Tank landing ship of the US Navy

USS LST-696 was an built for the United States Navy during World War II. LST-696 was laid down on 25 February 1944 at Jeffersonville, Indiana, by the Jeffersonville Boat & Machine Company; launched 25 April 1944; and commissioned 25 May 1944.

== Service history ==
During World War II, LST-696 was assigned to the Asiatic-Pacific Theater and earned three battle stars for World War II service.

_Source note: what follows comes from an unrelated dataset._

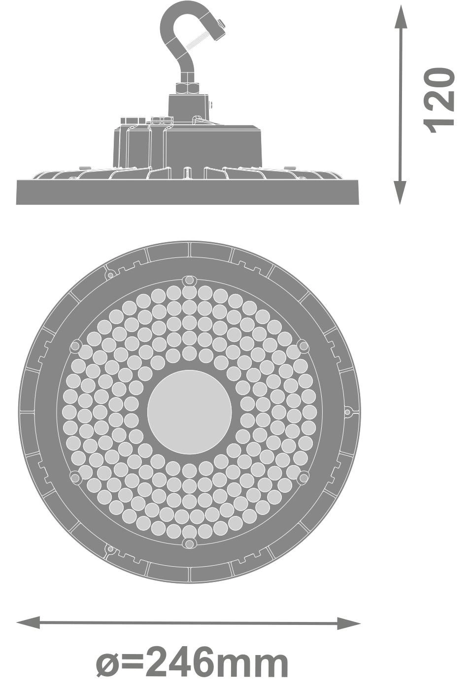 Die aus langlebigem Aluminium gefertigte Leuchte bietet Flexibilität bei der Montage und ermöglicht sowohl eine Anbau- als auch eine abgehängte Installation. Die fortschrittliche Technologie garantiert eine Lebensdauer von bis zu 100.000 Stunden und minimiert die Notwendigkeit einer häufigen Wartung. Ein hoher Leistungsfaktor von 0,95 und eine Netzversorgung von 220-240 V gewährleisten einen stabilen Betrieb. Das Produkt ist CE-konform und bietet Zuverlässigkeit und Energieeffizienz in der Kategorie der professionellen Industriebeleuchtung.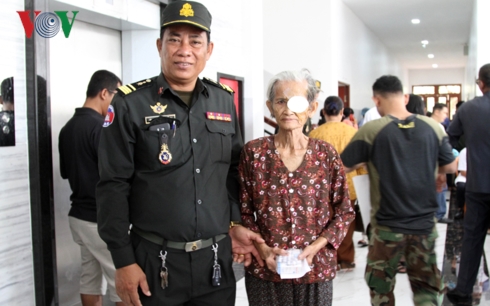 | Một sỹ quan quân đội Hoàng gia Campuchia đưa mẹ đi khám mắt. |

- Morotai landings, September 1944
- Leyte landings, November 1944
- Lingayen Gulf landings, January 1945

Following the war LST-696 performed occupation duty in the Far East until April 1946. She was decommissioned on 16 July 1946, and struck from the Naval Vessel Register on 28 August 1946. She was sold for scrapping on 19 May 1948, to the Bethlehem Steel Company of Bethlehem, Pennsylvania.